Labor mediation led by the Junta de Andalucía in Seville prevented financial losses exceeding 210 million euros that would have resulted from strike action, according to a newly published official report. The intervention, managed through the region's extrajudicial labor dispute resolution system, achieved this outcome by enabling agreements between labor unions and employers across major regional sectors.

What Happened

On June 17, 2026, the Provincial Collective Bargaining Days event in Seville presented the final report of the II Plan to Support Collective Bargaining, sponsored by the Council of Andalusian Labor Relations (CARL).

The report detailed that mediation and public arbitration led by the Junta de Andalucía's labor mediation system (Sercla) generated a direct saving of EUR 210.6 million for the productive sector in Andalusia by preventing strikes.

This saving was achieved by avoiding a total of 8,814,920 potential hours of strike action through successful mediation agreements between unions and employers.

The mediation process helped advance and ratify collective agreements in key sectors such as transport and commerce, as well as in private clinics and cultural institutions.

More than 1,200 negotiators and 112 mediators were trained through programs focusing on equality and prevention culture to support these mediation efforts.

Context

The Junta de Andalucía's System for Extrajudicial Resolution of Labor Conflicts (Sercla) operates as a formal mediation platform aimed at preventing and resolving labor disputes outside of court.

Sectoral collective agreements advanced with the support of mediation include those impacting thousands of companies and employees in Seville, notably in transport, commerce, and healthcare.

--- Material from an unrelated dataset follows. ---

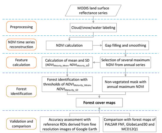 Trees and herbaceous plants show specific seasonal growth trajectories. For evergreen trees, leaves maintain high greenness throughout the year. For deciduous trees, leaves usually grow and senesce quickly in a short period at the beginning and end of the growing season, and the greenness of leaves remains relatively stable during the maturity period. In contrast, for herbaceous plants, leaves generally continue to grow and then senesce slowly during the growing season. Accordingly, the NDVI seasonal curve shows a distinctly different shape for tree-dominated forests and herbaceous vegetation. It is relatively flat during the vegetation maturity period for the former, with NDVI values remaining around high values, while it presents a parabolic shape with an opening downward for the latter. Based on these distinctive seasonal characteristics, two features were proposed to differentiate the two vegetation types, namely the mean and SD of the NDVI during the vegetation maturity period. These two features were generated from annual MODIS observations to map forest cover with the following steps (Figure 2):

Representatives from employer associations and labor unions participated in open debates to shape the forthcoming third phase of the collective bargaining support plan.

Why It Matters

  • The successful use of formal labor mediation prevented material economic harm to businesses and workers while promoting industrial stability.
  • The scalable mediation model employed by the Junta de Andalucía illustrates the potential fiscal and social benefits of robust extrajudicial labor dispute resolution systems for other jurisdictions.